Он ударил кулаком по камню... и сжатые пальцы прошли сквозь плиту. Он в ужасе выдернул руку, смотрел неверяще на кисть руки. Она чуть покраснела, пальцы пощипывало. Яра сказала тихо:

— Он уже помогает!

Томас вскочил, прижимая чашу к груди. Тяжелый топот слышался ближе. Великаны уже выезжали из долины на дорогу. Костер догорал, освещал отвесную стену, дикое нагромождение камней у основания, мелкие булыжники. Яра бросила пару хворостин на багровые угли, вспыхнули слабые огоньки.

— Не верю я древним демонам...

— Сэр Томас! Ты обещал калике, что отнесешь чашу в Британию. А путь лежит только сквозь эту гору.

Ее взор был требовательным. Томас озирался в отчаянии. Насколько проще с англскими девами, что сидят и ждут. Нет, не нравятся ему эти славянские женщины. С ними никогда не почувствуешь себя уверенным и несокрушимым.

Он скомандовал, держа голос сильным и властным:

— Брось остатки хвороста в костер.

— Зачем?

— Пусть видят, что мы все еще здесь.

Яра поспешно сгребала веточки, а он, наблюдая как она суетится и торопится, незаметно перевел дыхание. Хорошо, она не видит, в какой узел завязались его кишки и как овечий хвост трепещет его душа.

— Все взяла?

Он старался не встречаться с ней взглядом, но перед самой стеной она взяла его за руку, и они взглянули глаза в глаза. Искры пробежали по его руке и сладко кольнуло сердце. Он ощутил тепло, против которого не помогала никакая молитва.

— Я боюсь, — сказала она тихо.

— Ну чего там, — сказал он, сразу чувствуя себя могучим и сильным. — Только бы не сбиться... Звезды вряд ли светят сквозь камни.

— Узнаем...

— Коней только оставлять жалко!

Из-за поворота, закрывая звезды, с грохотом выметнулись огромные тени. Багровые искры летели снопами из-под копыт в обе стороны. Они завидели костер, заорали страшными голосами, завыли, как исполинские волки. Грохот копыт стал чаще.

— Пора, — сказал Томас тоскливо. — Ладно... Двум смертям не бывать, а дураком помрешь!

— Пусть ищут ветра в поле, — сказала Яра.

Ему почудилось злорадство в ее голосе. Показалось даже, что женщина высунула язык приближающимся великанам. Со страхом, чувствуя, как в желудке завязался болезненный узел, он шагнул к стене. Напрягся, ожидая сильный удар в лоб. Вместо этого словно окунулся лицом в черную воду. Стиснув пальцы Яры, сделал второй шаг.

Они оказались в полной вязкой тьме, более полной, чем беззвездная ночь. Он ощутил, как дрожат пальцы в его ладони.
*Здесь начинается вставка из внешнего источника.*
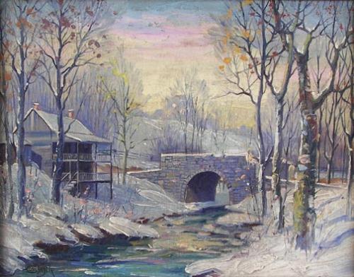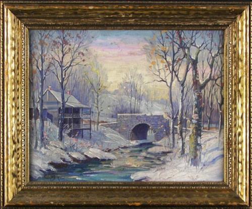 C.W. Fryer, Oil on Canvas, House in Winter Landscape, 11 1/4" x 14 1/4", signed lower left, Est $200 - $400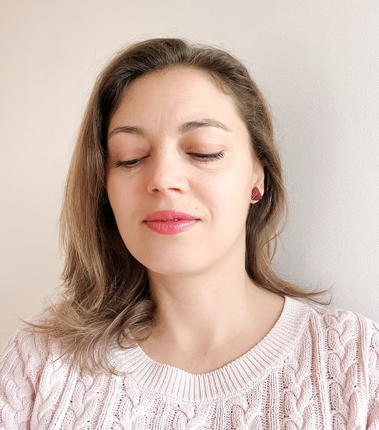 Cercei triunghiulari visiniu-trandafiriu metalizat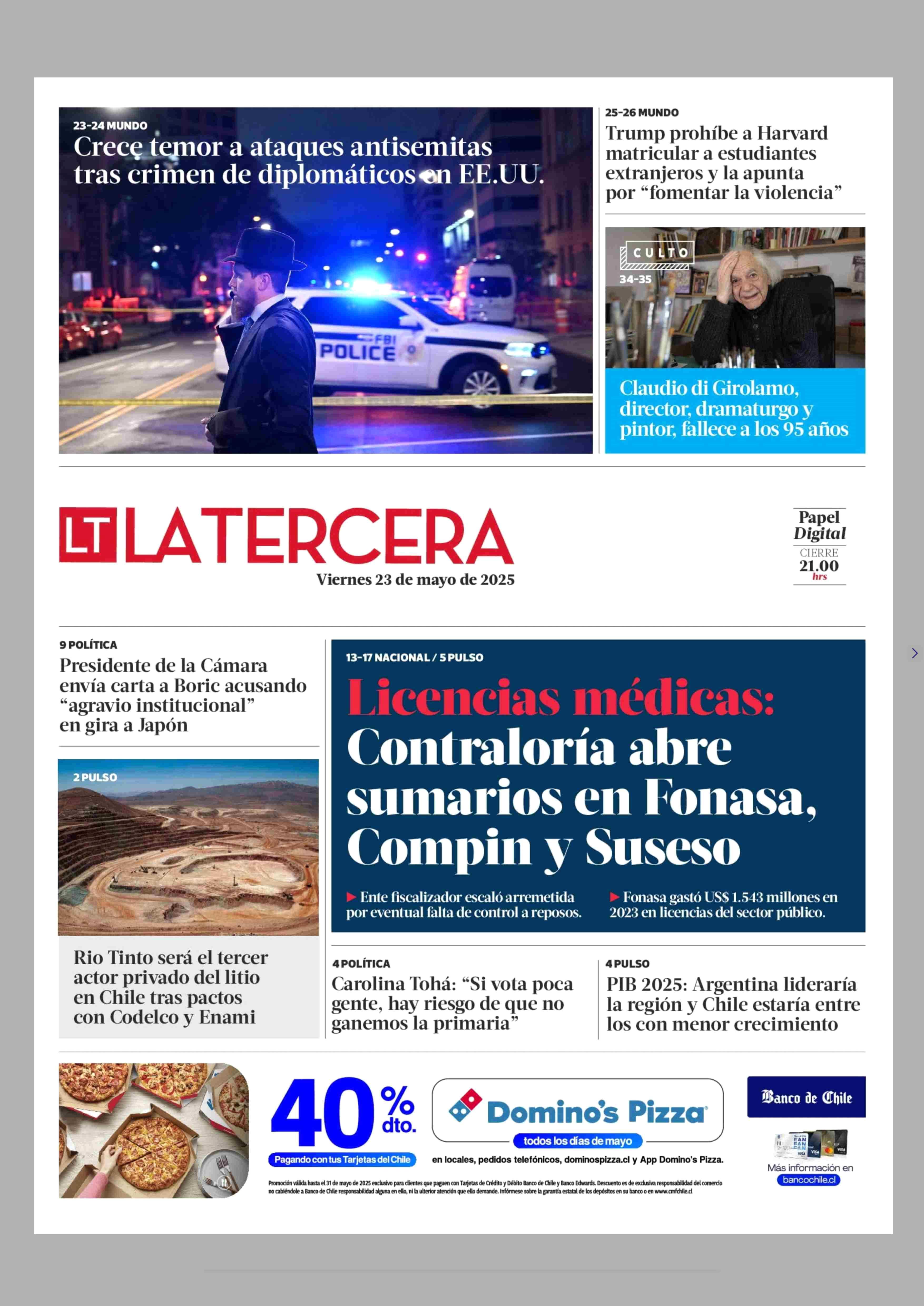 | Fecha: | 23-05-2025 | Sector: | Portada | Región: | Región Metropolitana de Santiago |

Яре должно казаться, подумал он в тоске, что мы замурованы в гробу. И что нас закопали живыми. Если уж ему такое мерещится...

Темная вода, сказал он себе настойчиво. Он идет всего лишь в ненастную ночь через болото. И ведет с собой испуганную женщину. А он уже ходил беззвездными ночами по болотам, убегал и догонял, а рта нельзя было раскрыть, потому что сотни врагов прислушивались к каждому шороху камышей, плеску... А тут даже плеска не надо страшиться, иди себе да иди, нечего страшиться... Только и того, что идти прямо...

Его осыпало морозом. В полной тьме стоит чуть-чуть, всего на палец свернуть, а через десяток шагов еще на палец, и уже пойдут не поперек горного хребта, а вдоль...

Глава 8

Он сделал не больше трех десятков шагов, как внезапно вязкость исчезла. Томас выпал в пустоту. Не удержавшись, растянулся, как лягушка. Доспехи зазвенели. Сзади испуганно вскрикнула Яра.

В просторной пещере светящаяся плесень освещала высокий свод, весь в известковых сосульках. С пола навстречу поднимались такие же сосульки остриями кверху. Где-то журчал невидимый ручеек.

— Теперь мы точно заблудимся, — предположила она за спиной. — Я уже не помню, из какой стены мы выпали.

— Не каркай, — оборвал он. — Раньше смерти еще никто не умирал.